K&N shows their reusable filter in stock. Order from them if it's an emergency.


----------



## JDH (Dec 24, 2014)

Got the call 5 min before closing yesterday the filter was in. Pick it up Tomorrow it they are open. Just seemed like an odd part to become hard to get. It will be the only non-OEM thing on the car, BTW.


----------



## oregon_rider (Jul 21, 2017)

The ac delco air filter has part number a3220c. It is same as oem.

Quite a few available on eBay ...

Amazon has ten in stock....

Wix makes very, very good filters....

Jeff


----------



## phil1734 (Aug 30, 2019)

I've had an incredibly difficult time finding air and even some oil filters on the shelf for any car built since around 2010. Not sure if they are becoming more vehicle specific or what, but I pretty much always order online now.


----------



## Barry Allen (Apr 18, 2018)

phil1734 said:


> I've had an incredibly difficult time finding air and even some oil filters on the shelf for any car built since around 2010. Not sure if they are becoming more vehicle specific or what, but I pretty much always order online now.
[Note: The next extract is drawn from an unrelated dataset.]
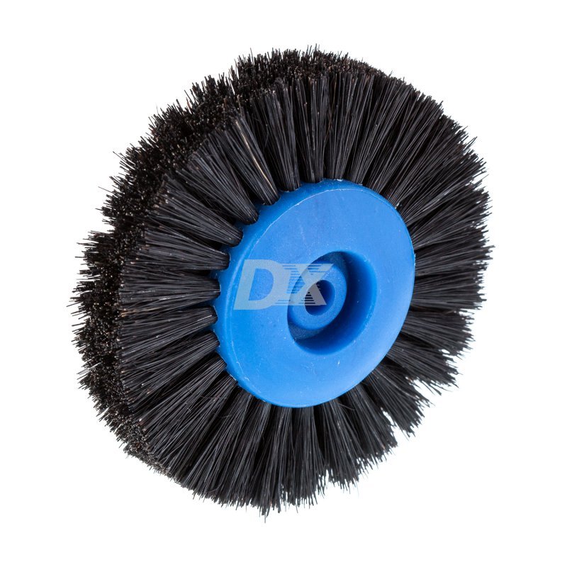 • Круглая, 4-х рядная щетка с пластиковой, широкой сердцевиной для абразивной полировки,  подходит для шлифовки труднодоступных мест зубных протезов.

During college years (1999-2002) I worked doing oil changes at Wal-Mart. I can remember banging cars in and out for the quick oil and lube jobs, and there was basically like 5-10 filters that everything used. Two different sizes for FWD GM cars, one for pickups and SUVs. Mopar vehicles used one of two filters. Ford vehicles used one of two filters. Then, I had the catalog to look up some odd filters for Japanese imports, and it always shocked me to see they used some tiny little filters on some cars that were the size of a teacup. I looked up the specs of all filters to find the threads and relieve valve PSI ratings, and every chance I got I would always "upsize" a filter on a car if it would fit so the customer got better filtration (more filter media in the larger filter canisters).

Now, I believe tons of cars/engines have specific filters required. I couldn't be bothered to keep them all memorized at this point.

Cool story: The strangest filter I found was on a Cadillac Catera. The book called for a screw-on canister filter but the engine had an internal filter cartridge. I went as far as driving my own car to the Cadillac dealer to try to get a filter and the parts guy brought back a screw-on cartridge filter. I showed him what I took out of the car and he said "What the hell is that?" After hitting a few auto parts stores and opening a few dozen boxes I finally found one that looked the same and it fit. I gave the cardboard box to the customer and told them "If you ever come back here to get your oil changed, go to [name of auto parts store] to buy this filter and bring it with you."


----------



## Barry Allen (Apr 18, 2018)

phil1734 said:


> I've had an incredibly difficult time finding air and even some oil filters on the shelf for any car built since around 2010. Not sure if they are becoming more vehicle specific or what, but I pretty much always order online now.


A few months back I did notice that my local Wal-Mart stocked the K&N oil filter for my diesel Cruze sedan. On the app it was listed at about $5 but in the store it was $9. I would order all that were in stock for pickup and got about 8 filters for $5 each, sitting in my closet.


----------



## Cruz15 (Mar 17, 2016)

I can get Fram Ultra filters from my local Canadian Tire. They are great filters as well 100% synthetic media.


----------